Feedback collated after the workshop indicated that most participants found the session very useful and valued the opportunity for collaborative, cross-sector discussion.

The findings and recommendations have since been shared through local governance routes, including the Health and Wellbeing Board and the Place Partnership Board, where their use by the Communities Department within the Place Services directorate to inform the council’s emerging Homelessness strategy was accepted and approved. This supports wider visibility and accountability and helps ensure future plans are grounded in local data, lived experience, research evidence, best practice and the priorities identified by partners across the system.

What other councils can learn

Complex issues such as rough sleeping require a shared understanding before shared action can be agreed. Bringing partners together around local data, lived experience, research evidence and examples of best practice helped create a common picture of the problem and a clearer basis for prioritising action.

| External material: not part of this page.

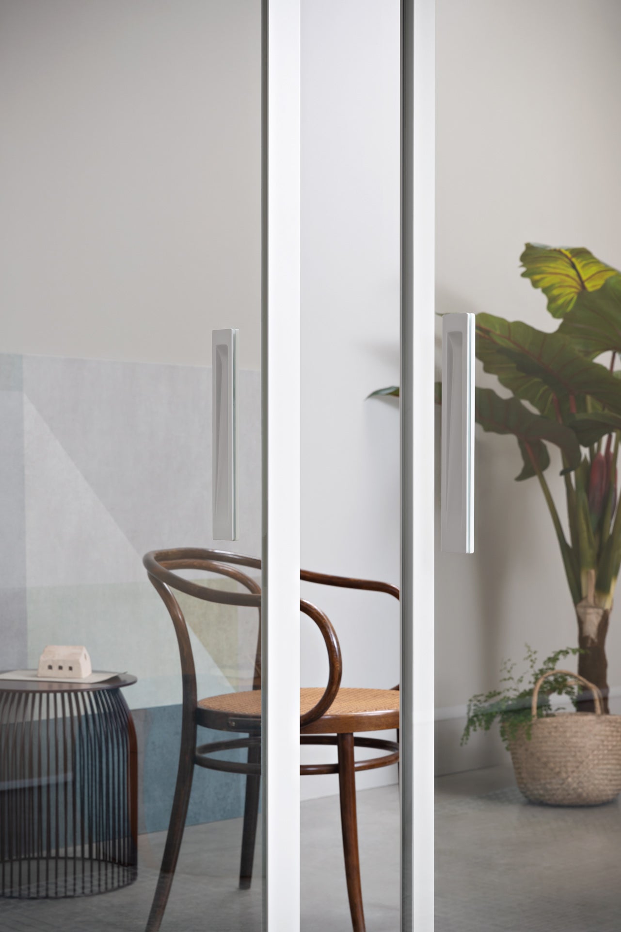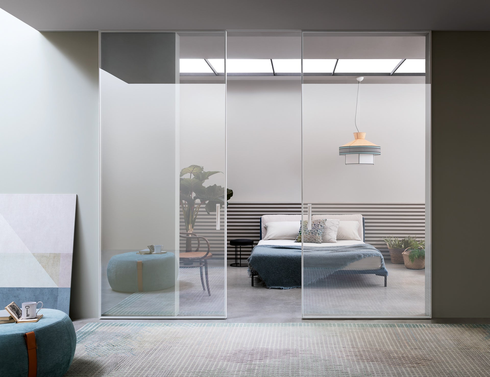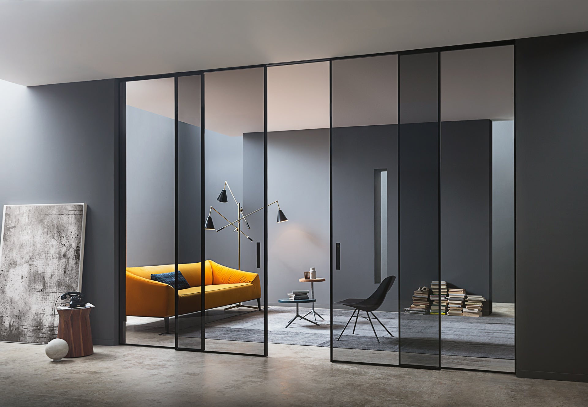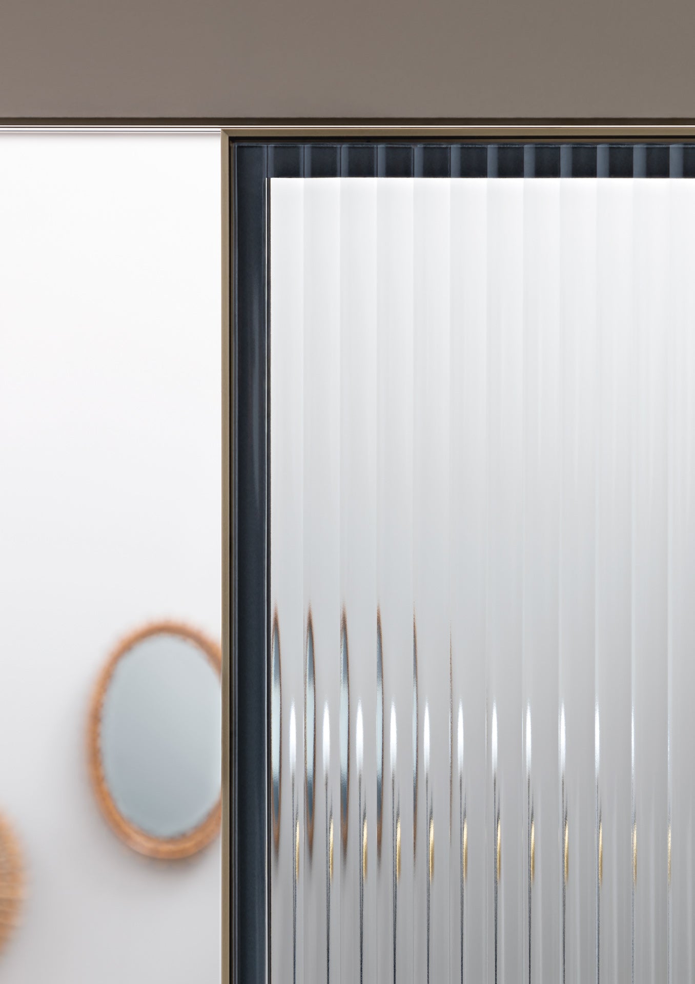 Inspired by the traditional Japanese house’ slender and extensive mobile surfaces, Shoin is a system of sliding doors and fixed glass panels with one or two rails, designed to create walls. The panels are fixed within a slim aluminum frame, flush with the external side of the composition.

A similar approach should involve strategic leaders, frontline practitioners, commissioners, voluntary and community sector partners, and people with lived experience. This helps ensure recommendations are grounded in both system-level understanding and practical realities.

Transition points such as hospital discharge, release from custody, leaving care or supported accommodation, and relationship or family breakdown should be a key focus. These are moments when people can fall through gaps in support, so strengthening planning and coordination at these points is essential to preventing rough sleeping.

Lived experience should remain central throughout the process. The panel reinforced that rough sleeping is rarely driven by housing alone, and that stigma, trauma, unmet health needs and difficult-to-navigate systems can all prevent people from accessing help at the point they need it most.